A study about complex motion caused by hierarchical structure and intermittency, in nonlinear dynamical system with large degree of freedom

大自由度非线性动力系统层次结构和间歇性引起的复杂运动研究

基本信息

批准号：
12834012
负责人：
HATA Hiroki
金额：
$ 1.73万
依托单位：
Kagoshima University
依托单位国家：
日本
项目类别：
Grant-in-Aid for Scientific Research (C)
财政年份：
2000
资助国家：
日本
起止时间：
2000 至 2001
项目状态：
已结题

项目摘要

Various hierarchical structures and motion hide in nonlinear dynamical systems, and so it is an important problem to build new methodology and general idea to understand it. We paid our attention to the hierarchical structure of invariant manifolds in nonlinear dynamical systems with the large degree of freedom as its approach, and understanding the motion theoretically and numerically is our aim of this research.( i ) To understand the complicated behavior of high dimensional chaos, we began studies invariant manifolds and On-off intermittency around them, already. We developed this study. Then we found that the complex behavior of the large degree of freedom chaos (chaotic itinerancy) is wondering motion between invariant manifolds and shown that we get clear characterization by statistical coarse-graining,( ii ) The properties of On-off intermittency that is the base of ( i ) had been argued with perturbation theory.
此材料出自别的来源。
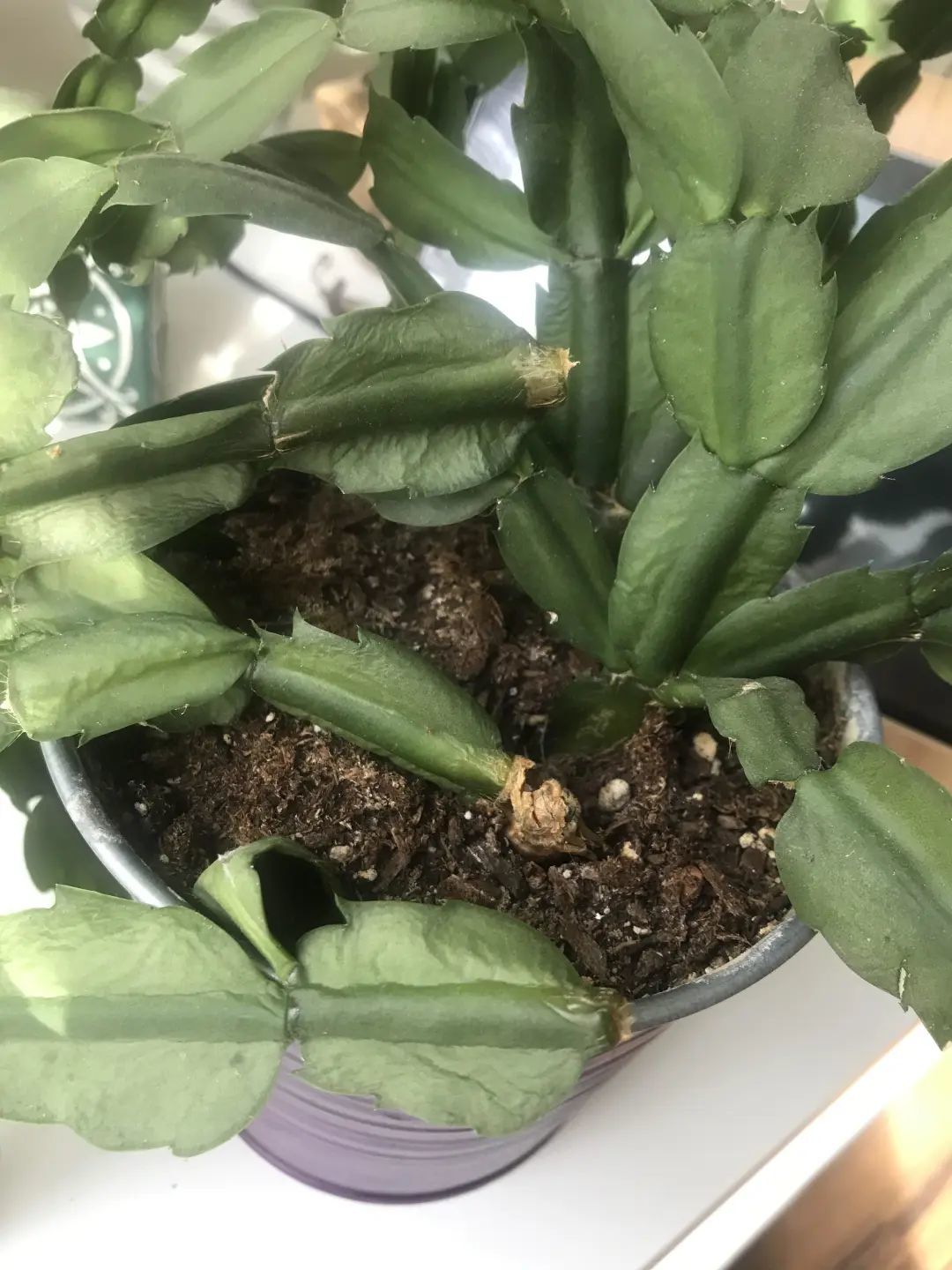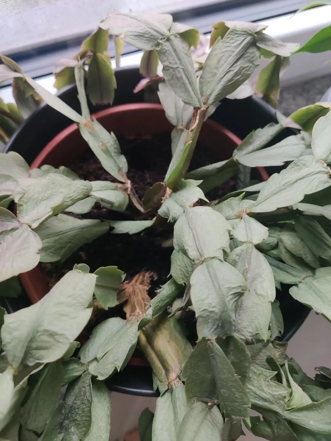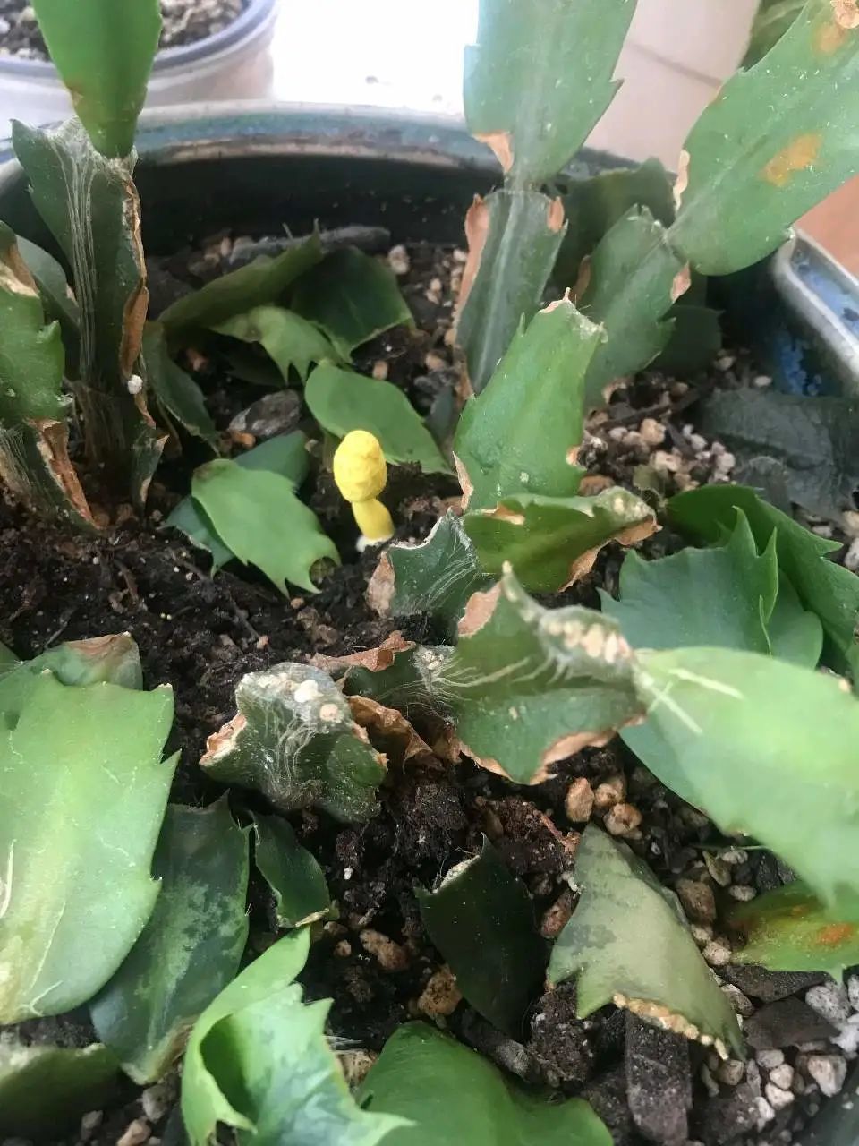蟹爪兰还容易感染一个病害,就是叶腐病,在室内植物中,特别是多肉植物,都是极其常见的,这是一种真菌病害,真菌孢子会附着在叶子上,导致叶子腐烂。

We got new knowledge by treating them by non-preservative methods. … More ( iii ) Many non-chaotic attractors (fixed points, periodic orbits, and quasi-periodic orbits) can exist in a large degree of freedom (the number of attractor suddenly increases with increase of system size). We studied the properties from a viewpoint of response for noise in particular and was found that enough small noise tied attractor and caused intermittent phenomena. In addition, we found what we could describe the motion as anomalous diffusion in macro-quantities of system.( iv ) We studied also relation intermittency of chaos in conservative dynamical systems and low dimensional invariant structure.Next to a study about the behavior of dynamical systems mentioned above, we can develop approach for more complicated behavior. We started (a) a characterization of complicated behavior in generalized shift maps by anomalous diffusion, (b) an analysis of EEG pattern by time-series' entropy, (c) an analysis of intermittency of explosions of SAKURAJIMA volcano and (d) a study for the complicated behavior of dynamical systems with the hierarchical structure which seemed to have invariant manifold in an invariant manifold. Less

非线性动力系统中隐藏着各种层次结构和运动，因此建立新的方法和总体思路来理解它是一个重要的问题，我们关注大自由度非线性动力系统中不变流形的层次结构。作为其方法，从理论上和数值上理解运动是我们这项研究的目的。（i）为了理解高维混沌的复杂行为，我们已经开始研究不变流形及其周围的开关间歇性。然后我们发现大自由度混沌（混沌旅行）的复杂行为是不变流形之间的奇怪运动，并表明我们通过统计粗粒度得到了清晰的表征，（ii）开关的性质。作为 ( i ) 基础的间歇性已经通过微扰理论进行了争论，我们通过非保守方法处理它们获得了新的知识……更多 ( iii ) 许多非混沌吸引子（不动点，周期轨道和准周期轨道）可以以很大的自由度存在（吸引子的数量随着系统尺寸的增加而突然增加），我们特别从噪声响应的角度研究了这些特性，发现足够小。此外，我们发现了可以将运动描述为系统宏观量中的反常扩散。（iv）我们还研究了保守动力系统中混沌的间歇性与低维的关系。不变结构。接下来研究上述动力系统的行为，我们可以开发更复杂行为的方法，我们开始（a）通过反常扩散来表征广义转移图中的复杂行为，（b）脑电图分析。时间序列熵的模式，（c）对樱岛火山爆发的间歇性分析以及（d）对具有似乎具有不变性的分层结构的动力系统的复杂行为的研究不变流形中的流形。